Registered Data

[00819] Secure Computing: Maintaining Personal Privacy while Analyzing Data

  • Session Time & Room : 3D (Aug.23, 15:30-17:10) @E804
  • Type : Proposal of Industrial Minisymposium
  • Abstract : The proliferation of IoT machine and sensor devices are major contributors to the surge in production and storage of mostly private, sensitive data. Deloitte projects, "by 2025 our global volume will reach 175 zeta bytes" (www2.deloitte.com/cy/en/pages/technology/articles/data-grown-big-value.html). Many data owners seek to analyze the data to uncover insights and improve their decision-making processes. However, compliance with privacy regulations and the threat of cyberattacks pose heretofore unknown challenges. Approaches to address this issue, collectively known as secure computing, include: privacy-preserving data analysis, differential privacy, federated learning, multi-party computation, and homomorphic encryption. This mini-symposium seeks to gather practitioners/specialists for active debate and dialog.
  • Organizer(s) : Mei Kobayashi
  • Classification : 68M25, Computer security, Privacy of data, Data encryption (aspects in computer science), Artificial neural networks and deep learning
  • Minisymposium Program :
    • 00819 (1/1) : 3D @E804 [Chair: Mei Kobayashi]
      • [04041] Construction of Differentially Private Summary with Homomorphic Encryption
        • Format : Talk at Waseda University
        • Author(s) :
          • HAYATO YAMANA (Waseda University)
          • Shojiro USHIYAMA (Waseda University)
          • Tsubasa TAKAHASHI (LINE Corp.)

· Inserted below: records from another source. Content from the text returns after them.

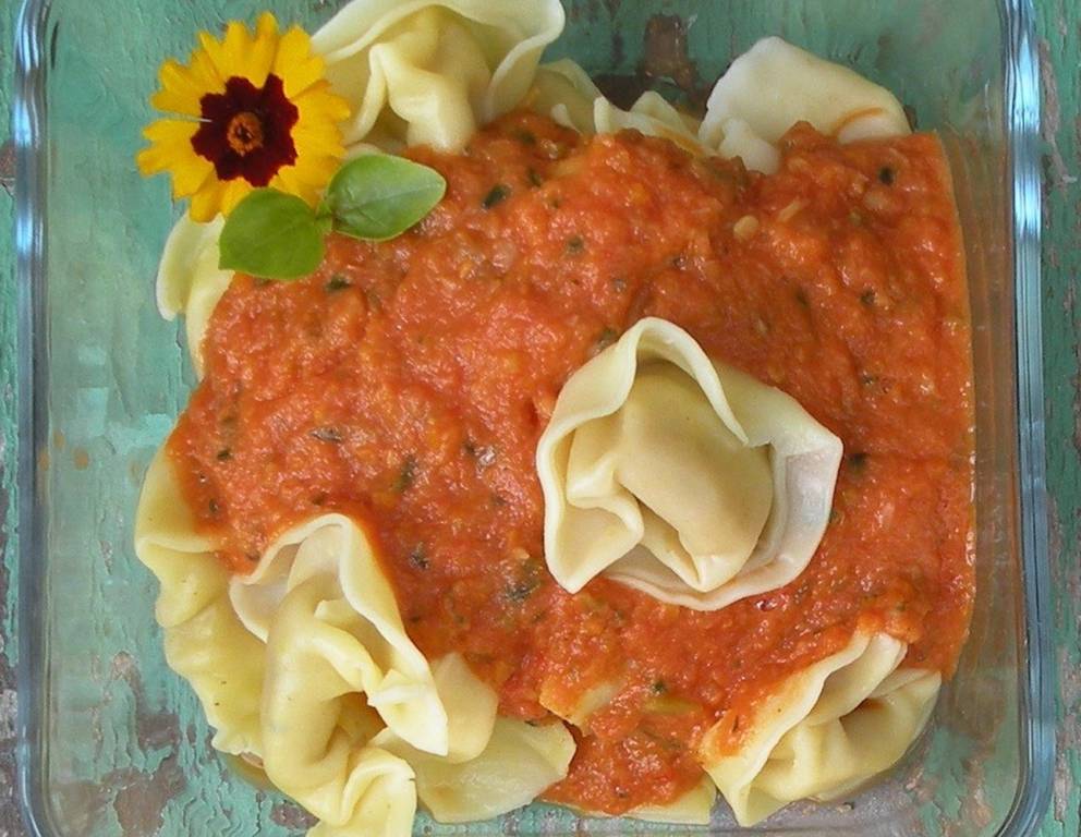 Die Tortellini mit Gemüsesoße am Schluss noch direkt bei Tisch eventuell mit gehobeltem Parmesan bestreuen. Wer Zeit und Lust hat, macht den Nudelteig selbst. Statt der Käse-Basilikum Füllung ist auch jede andere Füllung nach Geschmack passend.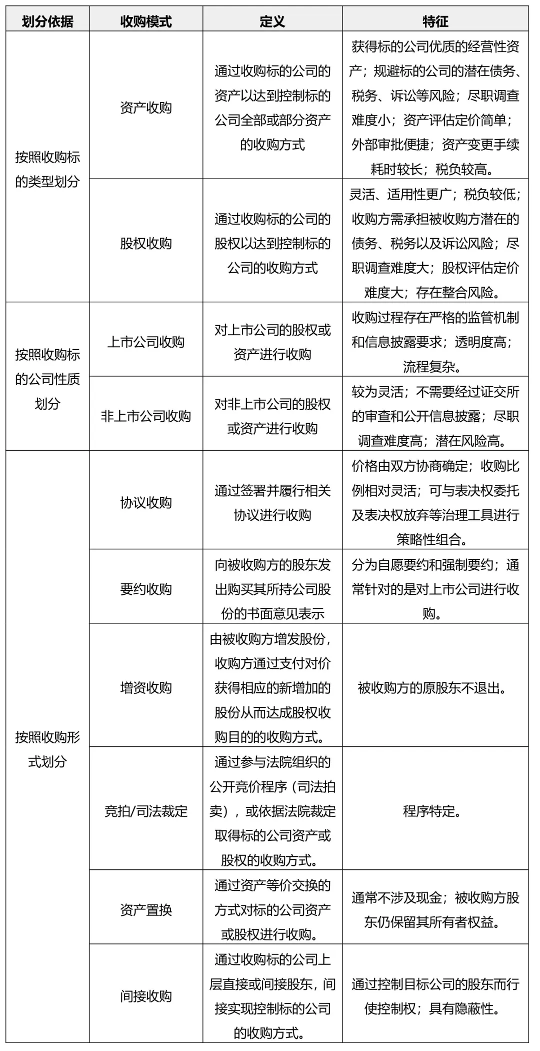 按照收购形式划分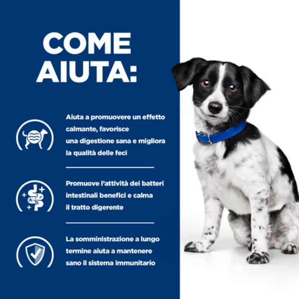 - arricchito con la tecnologia degli ingredienti ActivBiome+ di Hill’s,una speciale miscela di fibre prebiotiche, clinicamente dimostrata per nutrire rapidamente il microbioma intestinale, per supportare la qualità ottimale delle feci e la salute dell’apparato digerente.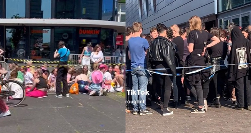 ที่ฮาคือมีคนอัดคลิปที่ทั้งแฟนคลับต่อแถวรอกันเข้าคอนเสิร์ตเอาไว้ด้วยนะ อย่างที่เห็นค่ะสไตล์ของพวกเขาคนละโลกจนมีคนแซวว่า

        • Abstract : A differentially private summary for range queries is constructed using homomorphic encryption to hide the raw data from the computation server. To shorten the processing time, we proposed a new method to merge adjacent close values in the histogram if the difference between the adjacent data is small. Then, we confirmed that the accuracy of the proposed method was equivalent to a state-of-the-art algorithm and the processing time is O(n).
      • [04961] Federated Learning with Differential Privacy and Secure Computing
        • Format : Talk at Waseda University
        • Author(s) :
          • Tsubasa Takahashi (LINE Corporation)
        • Abstract : Improving user experience while respecting user privacy is important nowadays. Last year we released federated learning in LINE messenger’s keyboard area to make users sticker selection easier and more personalized while preserving user privacy. Our FL also employs Differential Privacy (DP) to make exploiting user privacy more difficult. This talk presents our FL+DP, and recent advancement of privacy amplification with secure computing.
      • [05348] Network Security and Analytics for Reliability
        • Format : Talk at Waseda University
        • Author(s) :
          • Yukio Uematsu (Tokyo University of Science/Nokia)
        • Abstract : In recent years, a vast number of IoT devices have been connected to the cloud through mobile networks. This talk will address two fundamental issues, namely security and data reliability, in the context of mobile network data analytics. We will present some use cases for data management that combine edge and cloud computing while ensuring data reliability.